### EXERCISE BRIEF:
Print the lines that start the entries and continue through the one holding "Orkney Day Angler 24 - deck", please, exactly and with the pictures omitted.

***** AVAILABLE DATA

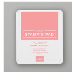
Flirty Flamingo Classic Stampin' Pad - 147052 Price: $7.50
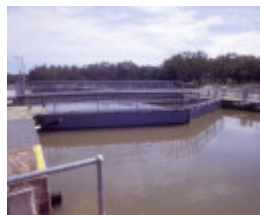
h00993 torrumbarry weir lock chamber steam boiler and steam winch complex torrumbarry lock stream upstream gates she project 2004
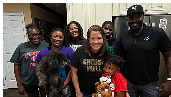
Hanging With The Browns
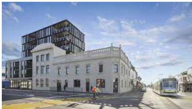
Ár mBaile nua ?.....Leathanach 5

Bheadh gá le láithreacha chruinnithe chuí, áisean-
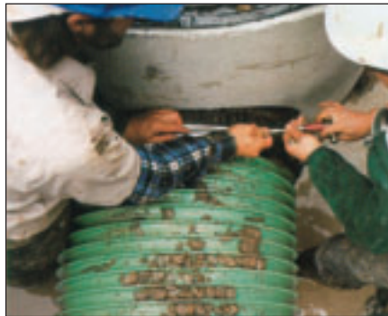
9. Tighten strap around the manhole boot.
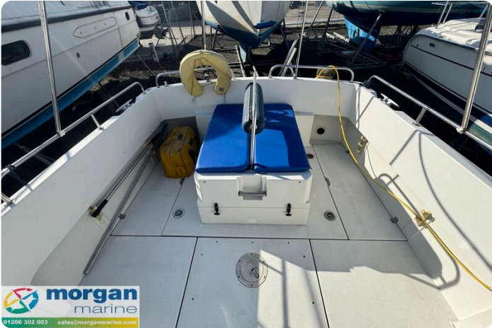
Orkney Day Angler 24 - deck
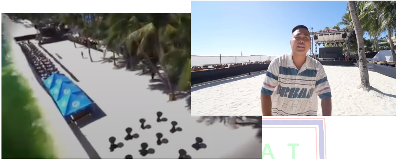
Sample beach party venue

Cleanliness must be maintained even during the parties. Teams are advised to bring their trash along with them when they leave the beach, or dispose the same in the proper disposal bins located outside the beach area. There are no trash bins on the beach itself.
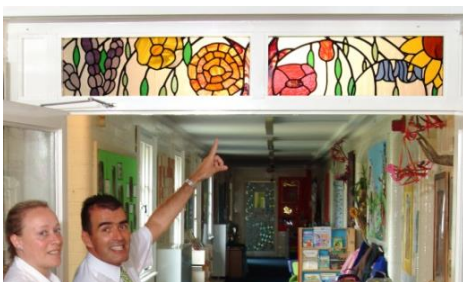
Ashburton Primary School
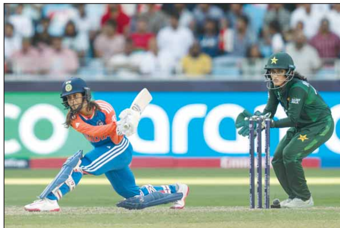
India's Jemimah Rodrigues plays a shot during the ICC Women's T20 World Cup 2024 match between Pakistan and India at Dubai International Stadium, United Arab Emirates.

Sana (2-23) picked up two late wickets off successive balls when Jemimah Rodrigues (23) and Gosh both were caught behind. Sana came close to have Deepti Sharma lbw in her final over but the on-field decision was overturned by the third umpire when TV replays suggested the batter had got a thick inside edge.
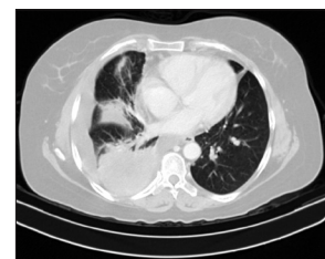
Figure 3: Contrast-enhanced computed tomography thorax: December 2017 – after 6 months of therapy with alectinib: multiple new lesions and new-onset pleural effusion

their consent for his/her/their images and other clinical information to be reported in the journal. The patients understand that their names and initials will not be published and due efforts will be made to conceal their identity, but anonymity cannot be guaranteed.
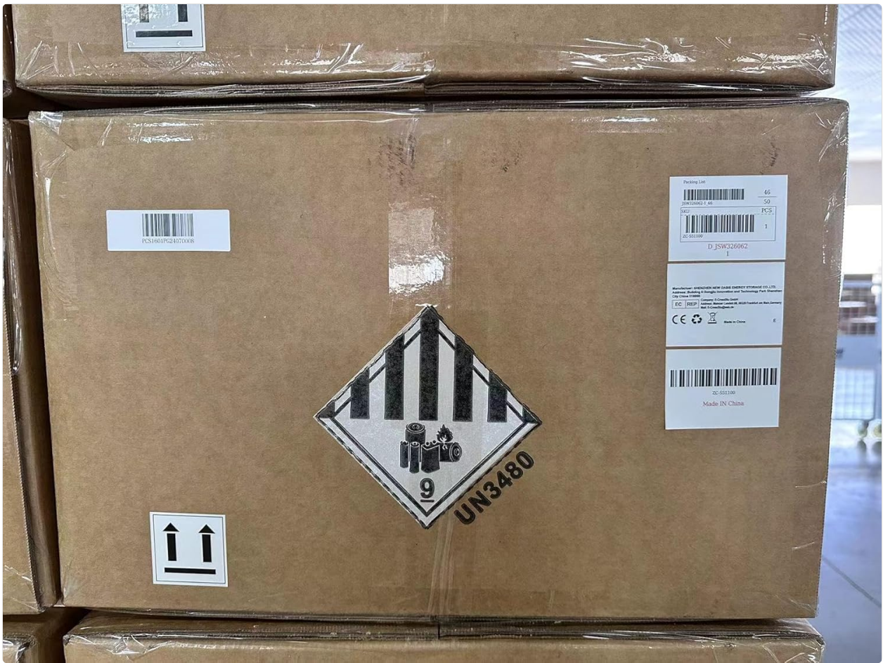
Figure 4.1: The shipping box for the Oasesenergy LiFePO 4 battery, displaying hazardous material labels (UN3480) for safe transport.

Carefully unpack the battery from its packaging. Inspect for any signs of damage during transit. Report any damage to your supplier immediately.
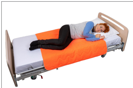
5. BASIC Inco - M Nice polyester/cotton surface and filling on top of a high quality incontinence membrane.
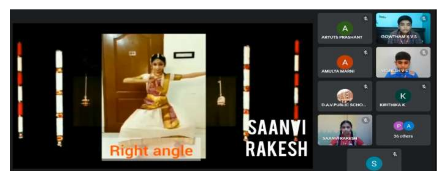
A Dance Treat – Threw Light on Mathematical Patterns
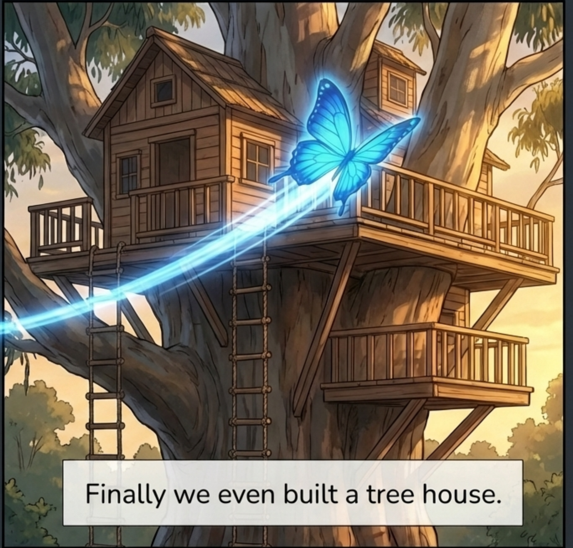
Finally we even built a tree house.
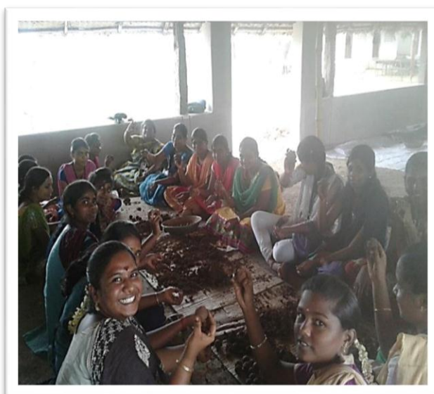
Seed Ball Workshop organized by ECO club on 21.08.2017
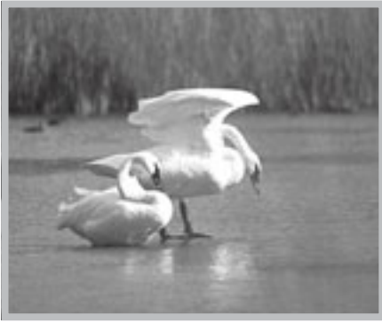
Rare trumpeter swans winter at Harriman.

Harriman shares much of the natural beauty of nearby Yellowstone and Grand Teton national parks, as well as some of the same problems of financial management that come from dependence on government appropriations. Set amidst a 16,000-acre wildlife refuge, Harriman shelters abundant wildlife, including the rare trumpeter swan, and offer's world class fishing on the Henry's Fork of the Snake River.
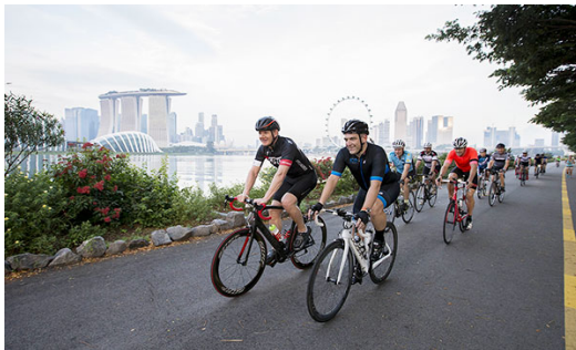
Gordon Ramsay leads a cycling clinic around Marina Bay
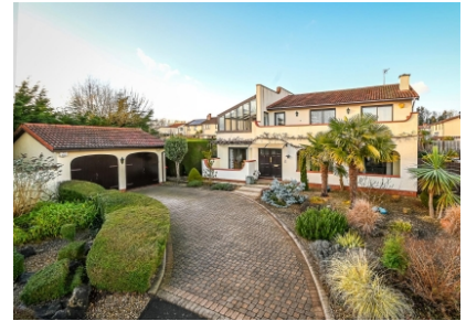
2 The Court, Sutton Hill, Telford
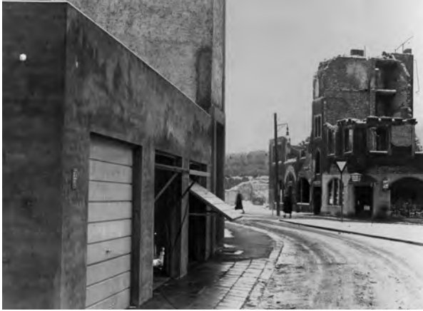
New start after the war – the first up-and-over garage doors were delivered by Hörmann in 1952.
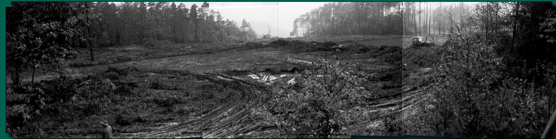
The Clearing Continues
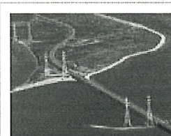
Tiwai Point aluminium smelter

New Zealand's Bluff aluminium smelter produces the world's purest aluminium. It is used in mobile phone and computer chips, and, because of its strength and lightness, in very large passenger planes.
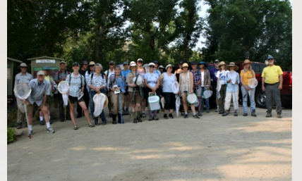
The 2021 4J Count gang

It is a very busy time of the year, and I am looking forward to another trip to Meso-america for study....so, I hope to drop by in the near future. This is me and a local Teotihuacan friend at his shop.

**********

### ANSWER TO THE EXERCISE:
Flirty Flamingo Classic Stampin' Pad - 147052 Price: $7.50
h00993 torrumbarry weir lock chamber steam boiler and steam winch complex torrumbarry lock stream upstream gates she project 2004
Hanging With The Browns
Ár mBaile nua ?.....Leathanach 5

Bheadh gá le láithreacha chruinnithe chuí, áisean-
9. Tighten strap around the manhole boot.
Orkney Day Angler 24 - deck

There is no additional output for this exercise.